In vier Präludien von Dmitri Schostakowitsch demonstrierte der erst achtjährige Anton Carus ganz unterschiedliche musikalische Charaktere. Jeremias Pestalozzi (zwölf Jahre) und Martha Mitreuter (14 Jahre) waren mit den ersten beiden Sätzen des berühmten Violinkonzerts in g-Moll von Max Bruch zu hören. Durch den klaren, substanzreichen Ton und die klangvollen Doppelgriffe erhielt der Allegro-Kopfsatz Struktur und Format. Der Adagio-Satz gelang durch die mit differenziertem Vibrato angereicherten Kantilenen und die große Ruhe im Spiel. Die Märchenbilder von Robert Schumann gehören sicher zur schönsten romantischen Bratschenliteratur. Laura Primavesi (14 Jahre) musizierte das zweite Stück und entwickelte wunderbar warm timbrierte Dialoge im Zusammenspiel mit dem Klavier.

Die 17-jährige Abiturientin Sophia Wagner begegnete der fein ziselierten Melodik im Rondo-Finalsatz aus Ludwig van Beethovens Violinsonate in D-Dur mit exzellenter Bogenbeherrschung. Technischen und musikalischen Anspruch brachte Elisabeth Buchner (17 Jahre) im Kopfsatz aus Franz Anton Hoffmeisters Bratschenkonzert in D-Dur zu einer gelungenen Synthese und stärkte dadurch den klassischen Gehalt des Stücks. Spielerisch sehr überzeugend meisterte Hanna Schmidt die Zigeunerweisen von Pablo de Sarasate und fand sich so hervorragend in das spezifische Idiom von Zigeunermusik ein. Die 19-jährige Friederike Kampick spielte den Allegro-Eingangssatz aus Wolfgang Amadeus Mozarts Violinkonzert in D-Dur KV 211. Hier entstand durch die Phrasierung auf hohem Niveau und die feine Tongestaltung ein beeindruckend leichter Mozart-Klang.

Den Schluss bildete nicht die älteste Geigerin, sondern die begabteste: Die elfjährige Gröbenzellerin Maya Wichert musizierte bei absoluter Stille im Saal die Carmen-Fantasie von Pablo de Sarasate.

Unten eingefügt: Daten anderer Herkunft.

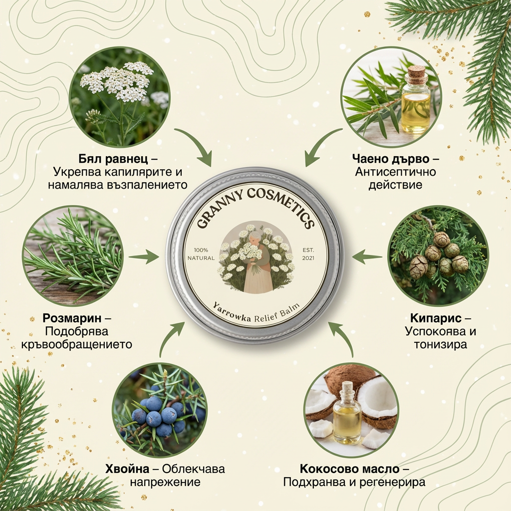 Нашият мехлем комбинира черен оман, конски кестен, живовляк и хвойна – билки, познати от поколението на българите със своето дълбоко възстановяващо и противовъзпалително действие. Без химикали, без пълнители – само чиста, активна природа в бурканче.

Ihre Finger setzten wie kleine Hämmerchen auf den Saiten ihrer Geige auf und ermöglichten in unglaublicher Präzision auch die Kombination aus gestrichenen und gezupften Tönen. Ausgedehnte Flageolett-Passagen unterstrichen den virtuosen Anspruch des Stücks.

Für den Zuschauer ergab sich dadurch eine unauflösliche Diskrepanz zwischen dem Alter der Geigerin und ihrem reifen musikalischen Vortrag. Maya ist Jungstudentin an der Münchner Musikhochschule in der Klasse von Sonja Korkeala. In den Augen ihrer Lehrerin ist sie vergleichbar begabt wie Julia Fischer, die heute auf den großen Bühnen der Welt zu Hause ist und vor einem Vierteljahrhundert ebenfalls bei Korkeala studiert hat. Zu Recht gab es für alle Musiker viel Beifall, der zugleich Ansporn sein dürfte.